WHAT IS EXPECTED:
Exactly the lines below from the line with "在Scale-out侧,CP" through the line with "Tre sjuksköterskor delar" must make up the answer, both ends included and pictures left out.

MATERIAL PROVIDED:
.....

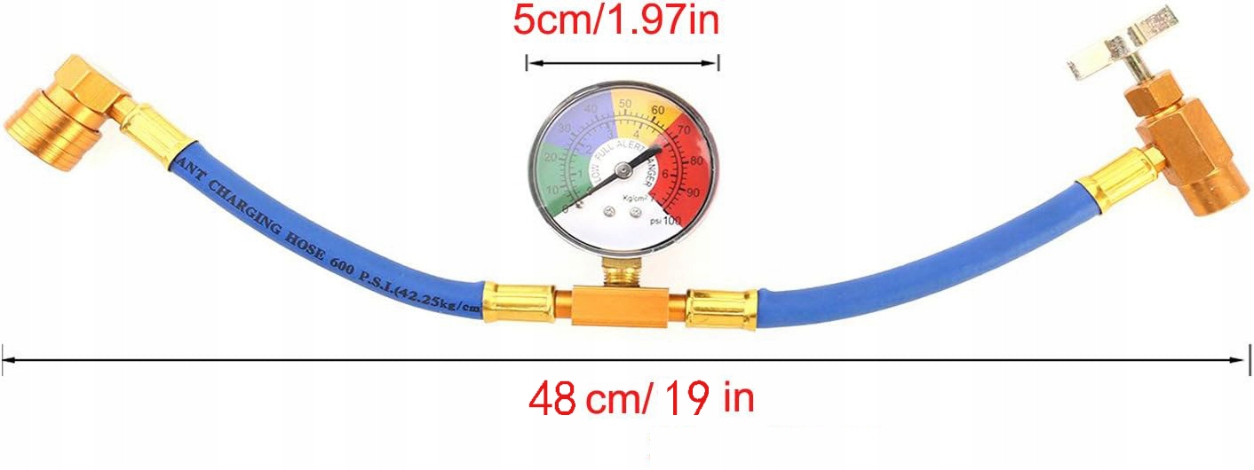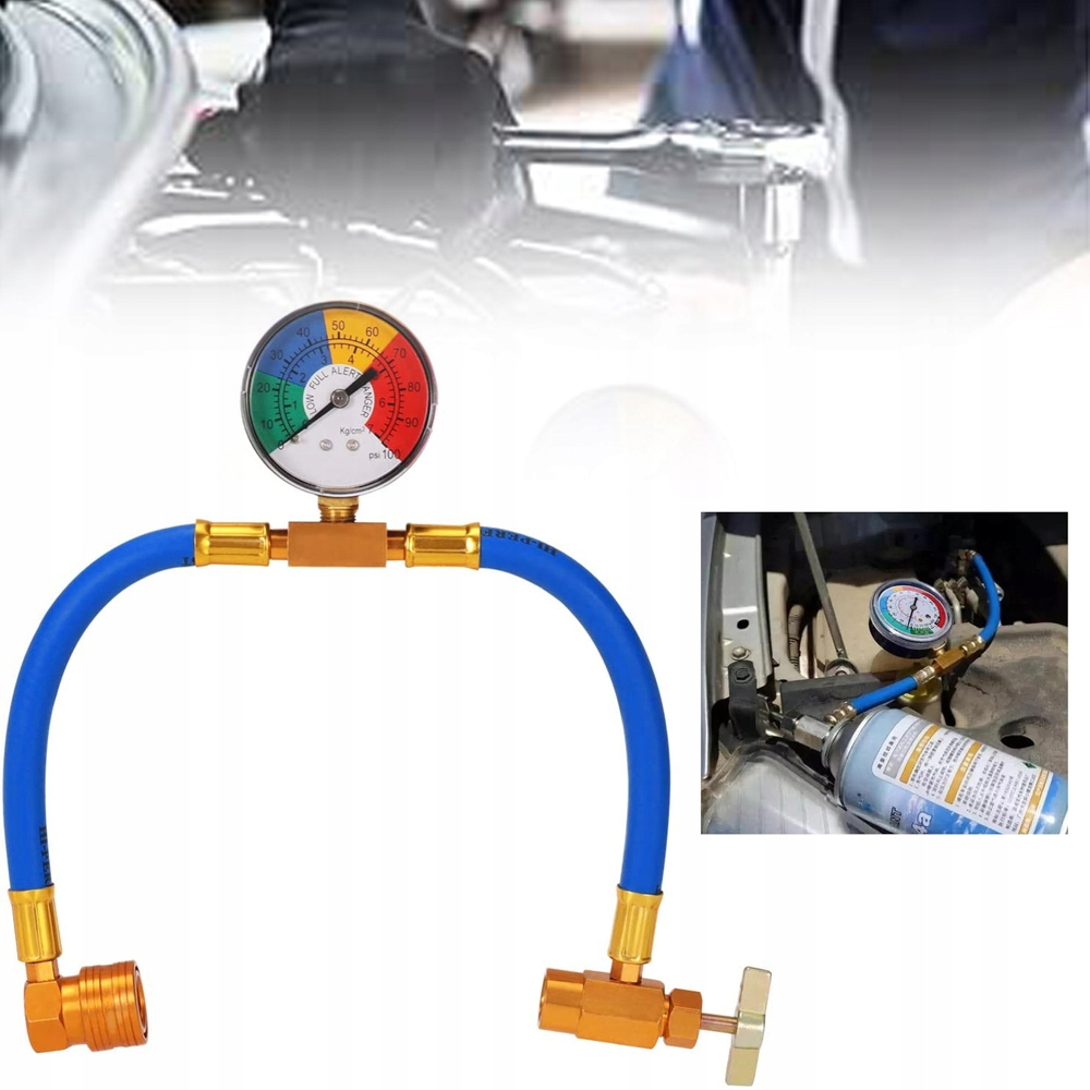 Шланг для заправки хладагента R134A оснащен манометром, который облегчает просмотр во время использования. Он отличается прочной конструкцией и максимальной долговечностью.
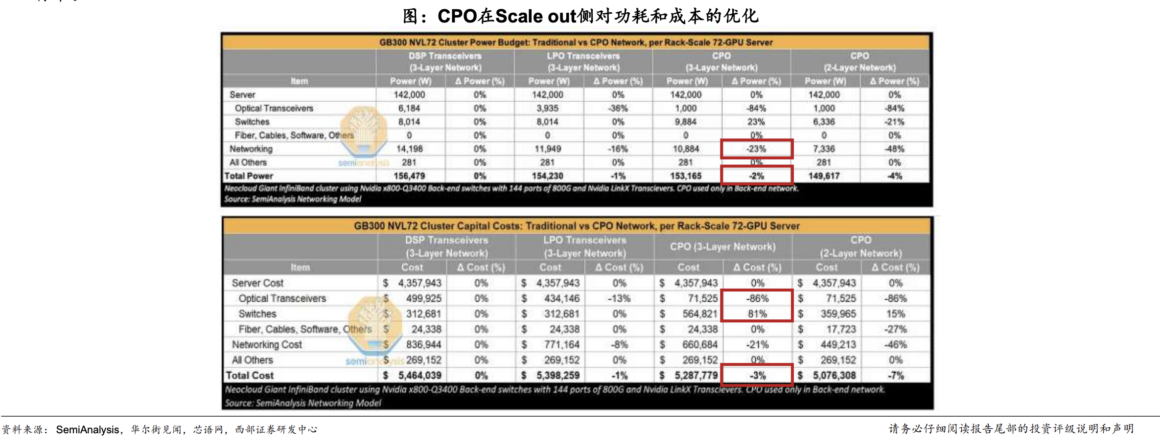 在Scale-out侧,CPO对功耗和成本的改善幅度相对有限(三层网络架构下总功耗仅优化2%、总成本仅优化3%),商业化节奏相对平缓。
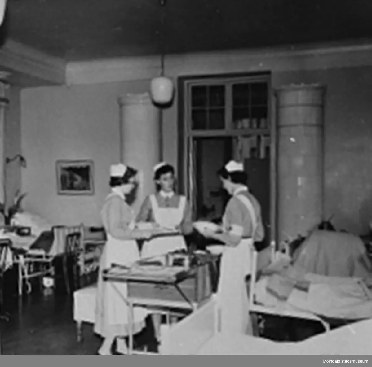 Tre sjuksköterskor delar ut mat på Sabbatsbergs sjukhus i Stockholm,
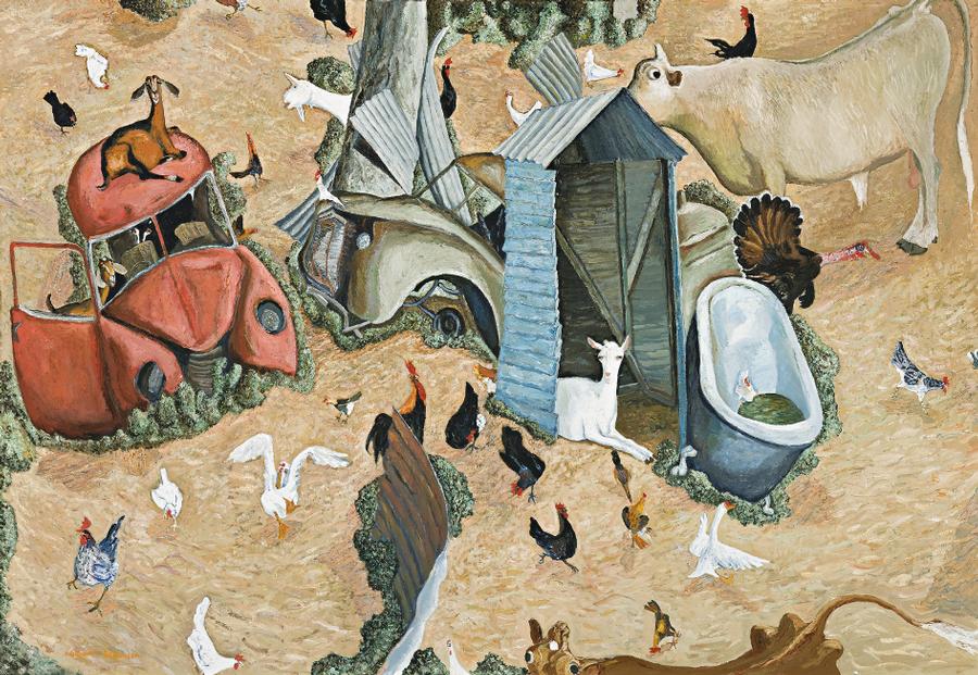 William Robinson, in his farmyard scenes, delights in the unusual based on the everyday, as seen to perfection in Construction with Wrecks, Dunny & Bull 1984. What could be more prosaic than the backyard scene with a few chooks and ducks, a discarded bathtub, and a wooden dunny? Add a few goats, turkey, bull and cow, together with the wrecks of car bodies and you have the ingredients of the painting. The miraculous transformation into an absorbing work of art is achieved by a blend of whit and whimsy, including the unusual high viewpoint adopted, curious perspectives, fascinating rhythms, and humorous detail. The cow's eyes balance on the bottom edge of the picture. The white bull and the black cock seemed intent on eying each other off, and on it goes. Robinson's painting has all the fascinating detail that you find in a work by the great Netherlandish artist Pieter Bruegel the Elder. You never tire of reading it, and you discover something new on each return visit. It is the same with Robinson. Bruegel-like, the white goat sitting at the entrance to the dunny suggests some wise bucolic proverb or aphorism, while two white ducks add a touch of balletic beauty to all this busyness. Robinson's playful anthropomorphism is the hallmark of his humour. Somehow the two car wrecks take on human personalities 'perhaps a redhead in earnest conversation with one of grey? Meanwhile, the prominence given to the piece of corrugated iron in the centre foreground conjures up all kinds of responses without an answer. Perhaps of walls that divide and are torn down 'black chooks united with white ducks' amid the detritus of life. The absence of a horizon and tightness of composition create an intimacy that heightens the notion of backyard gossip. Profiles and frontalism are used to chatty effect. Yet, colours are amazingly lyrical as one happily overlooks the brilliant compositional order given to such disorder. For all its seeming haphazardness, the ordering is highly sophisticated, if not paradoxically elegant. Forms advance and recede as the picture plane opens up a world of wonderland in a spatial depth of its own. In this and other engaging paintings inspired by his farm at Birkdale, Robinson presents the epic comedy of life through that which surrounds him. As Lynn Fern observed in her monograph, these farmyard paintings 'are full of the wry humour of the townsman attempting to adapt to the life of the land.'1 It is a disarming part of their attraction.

.....

TASK RESULT:
 在Scale-out侧,CPO对功耗和成本的改善幅度相对有限(三层网络架构下总功耗仅优化2%、总成本仅优化3%),商业化节奏相对平缓。
 Tre sjuksköterskor delar ut mat på Sabbatsbergs sjukhus i Stockholm,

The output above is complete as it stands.